Problem details — Where a picture occurs in the data, omit it, and copy all remaining data exactly.

Stored data —
►

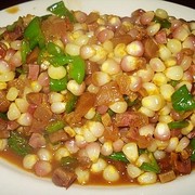烤麸、香肠、木耳、胡萝卜、金针菇、青豆、茭白、葱、甜面酱、番茄酱、盐、糖。
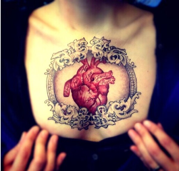 女生胸部另类经典的心脏纹身图图片
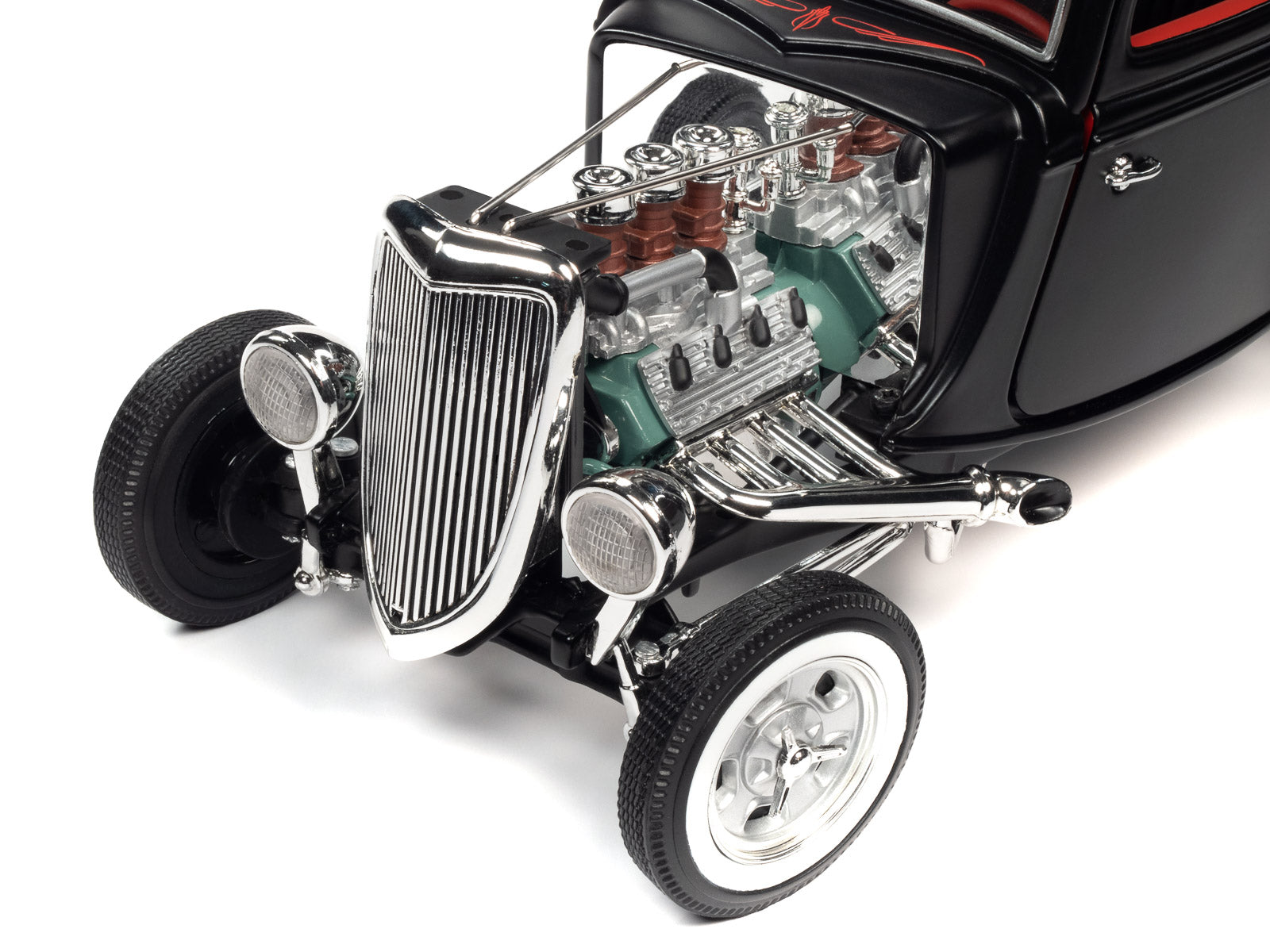 Returning from WWII and getting back to work with some money in their pockets, Americans discovered a new pastime...hot rodding. The 1930s-era Ford was ripe for the picking. By the late 1940s, the Model Bs and Model 18s were well over a decade old, making them cheap to buy with parts readily available. Hot rodders bought them up in droves wrenching in their garages turning these once-tame suburban coaches into fire-breathing monsters! The hot rodding trend continued strong well into the 1960s. Even today, the 1934 Ford 3-window coupe remains one of the most sought-after hot rodding platforms.

◄

Completed exercise —
烤麸、香肠、木耳、胡萝卜、金针菇、青豆、茭白、葱、甜面酱、番茄酱、盐、糖。
 女生胸部另类经典的心脏纹身图图片
 Returning from WWII and getting back to work with some money in their pockets, Americans discovered a new pastime...hot rodding. The 1930s-era Ford was ripe for the picking. By the late 1940s, the Model Bs and Model 18s were well over a decade old, making them cheap to buy with parts readily available. Hot rodders bought them up in droves wrenching in their garages turning these once-tame suburban coaches into fire-breathing monsters! The hot rodding trend continued strong well into the 1960s. Even today, the 1934 Ford 3-window coupe remains one of the most sought-after hot rodding platforms.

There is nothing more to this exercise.